INSTRUCTIONS FOR THE TASK => All of the data below should be set down again verbatim, without any images.

THE DATA =>

· · · ·

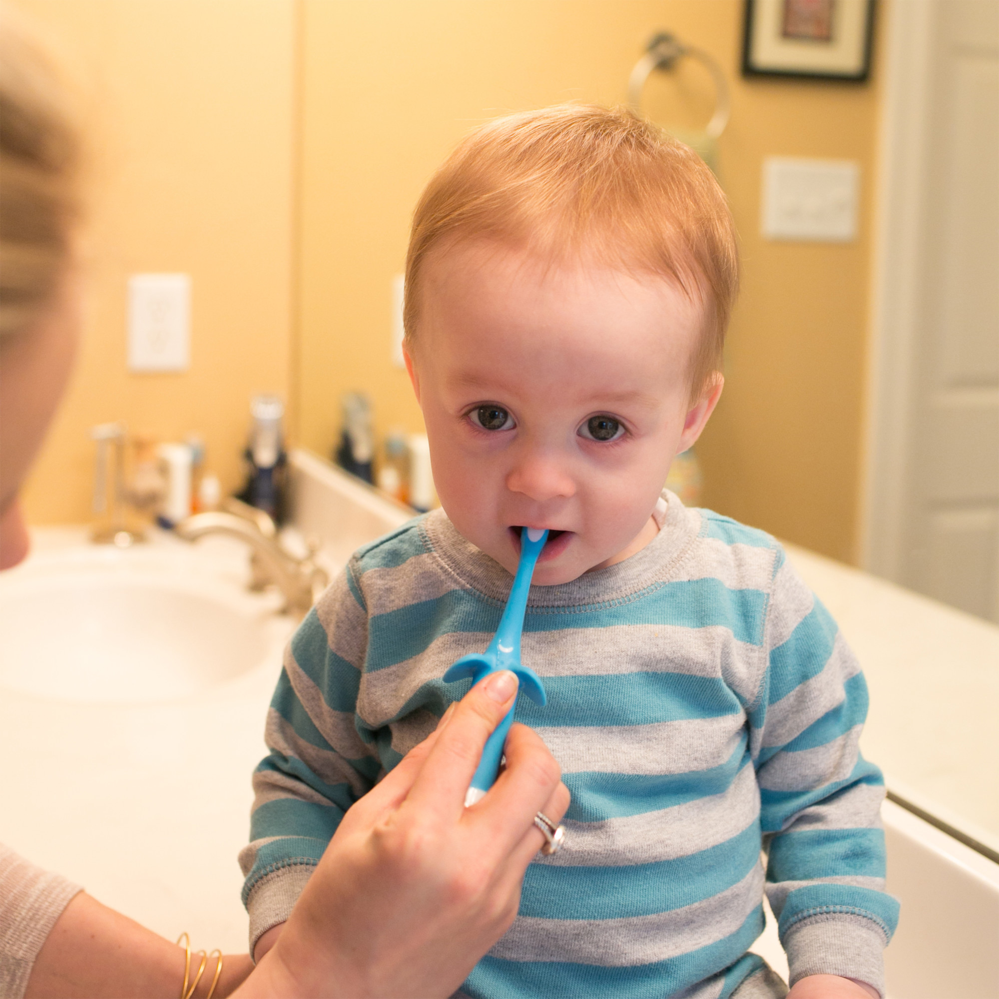 - Super soft bristles safely clean baby’s teeth and gums. Gentle on sensitive mouths with a comfort-grip handle.
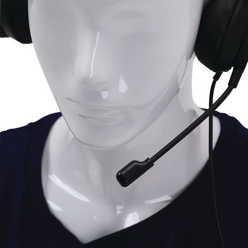 - Cuffia-microfono con filo biauricolare, ideale per il telelavoro e gli ambienti condivisi.
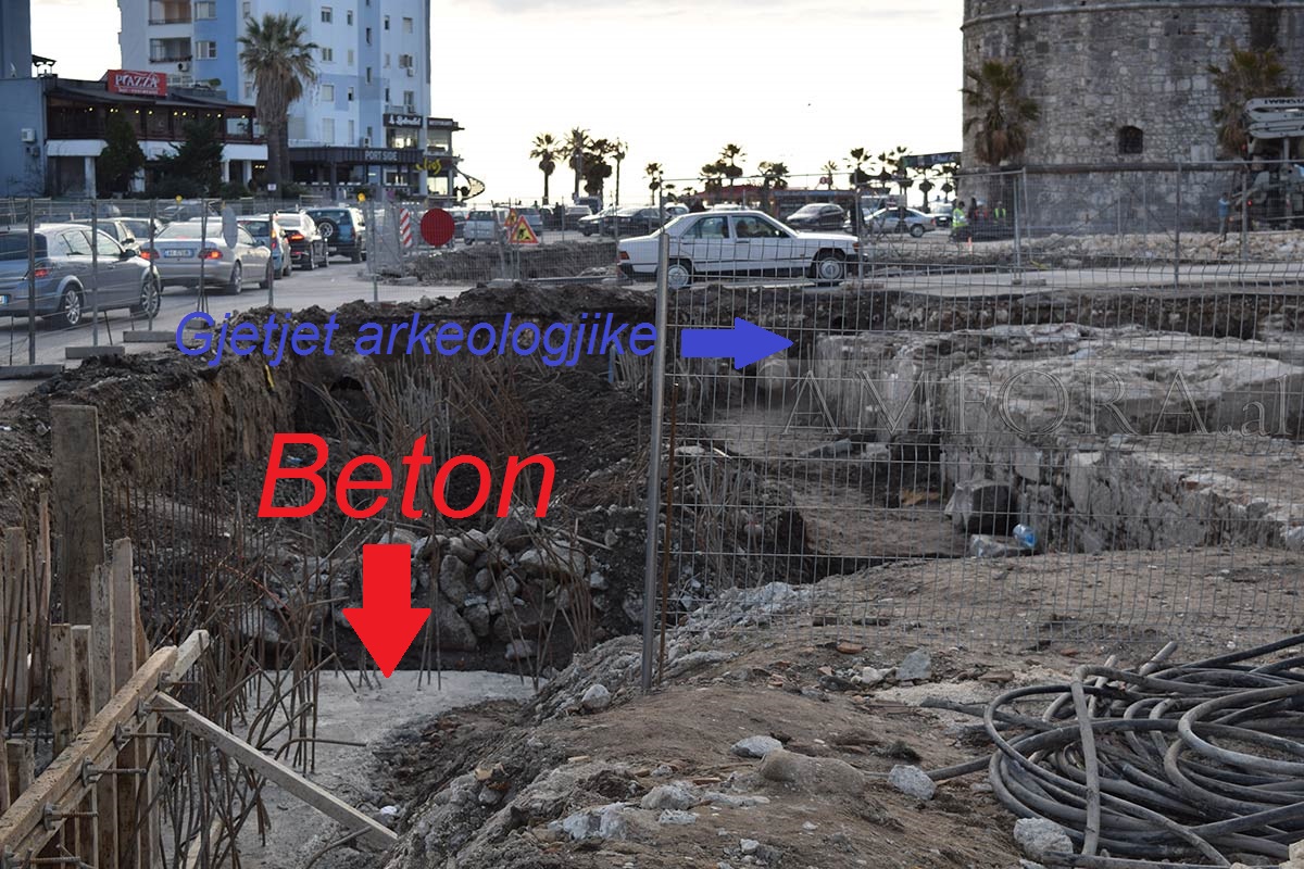 Betoni ka shkuar deri pranë gjetjeve arkeologjike dhe shumë pranë murit rrethues të qytetit, mbuluar përgjatë kryerjes së punimeve.
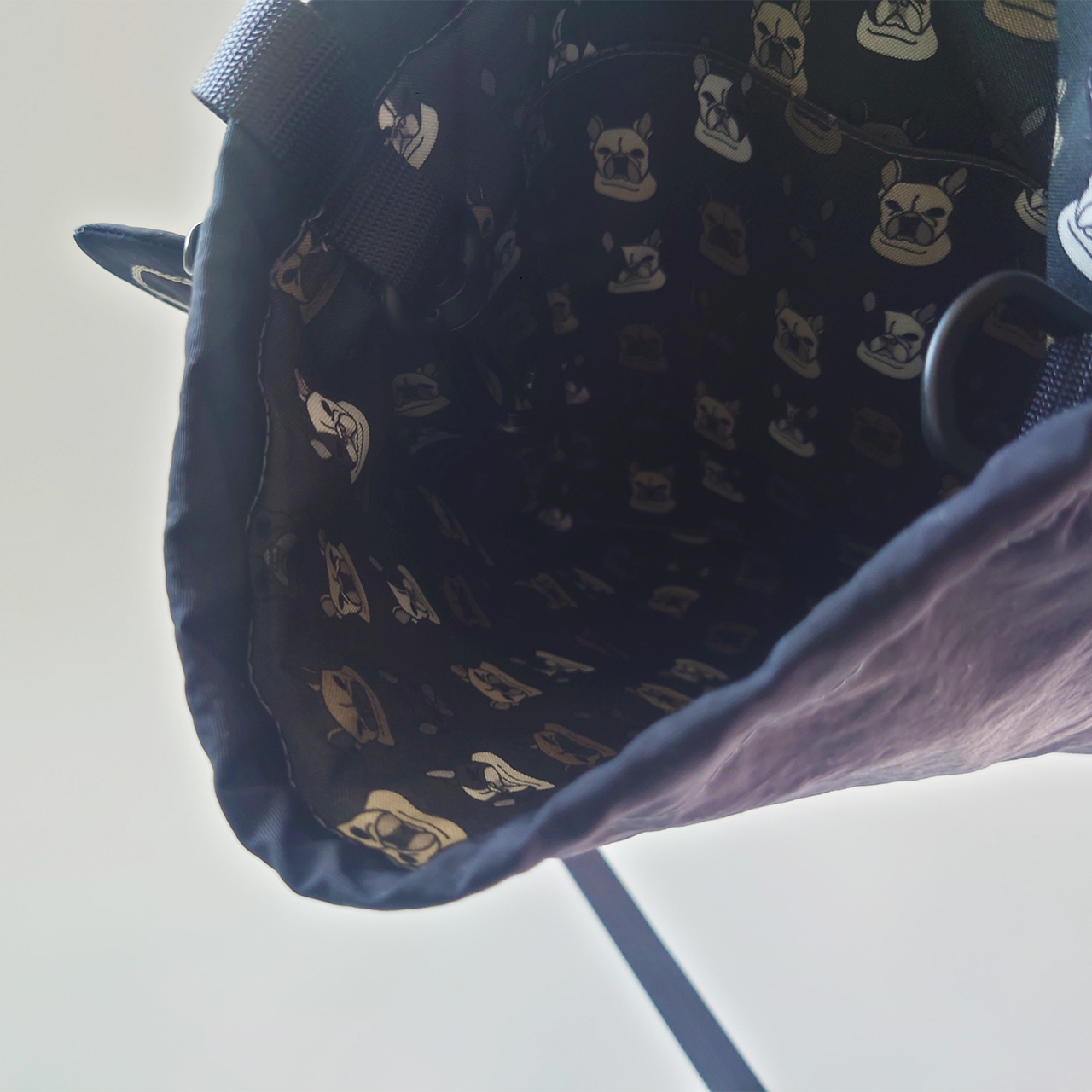 フレンチブルドッグのお顔がモチーフの、斜め掛けできるショルダーバッグです。

· · · ·

RESPONSE TO THIS TASK =>
 - Super soft bristles safely clean baby’s teeth and gums. Gentle on sensitive mouths with a comfort-grip handle.
 - Cuffia-microfono con filo biauricolare, ideale per il telelavoro e gli ambienti condivisi.
 Betoni ka shkuar deri pranë gjetjeve arkeologjike dhe shumë pranë murit rrethues të qytetit, mbuluar përgjatë kryerjes së punimeve.
 フレンチブルドッグのお顔がモチーフの、斜め掛けできるショルダーバッグです。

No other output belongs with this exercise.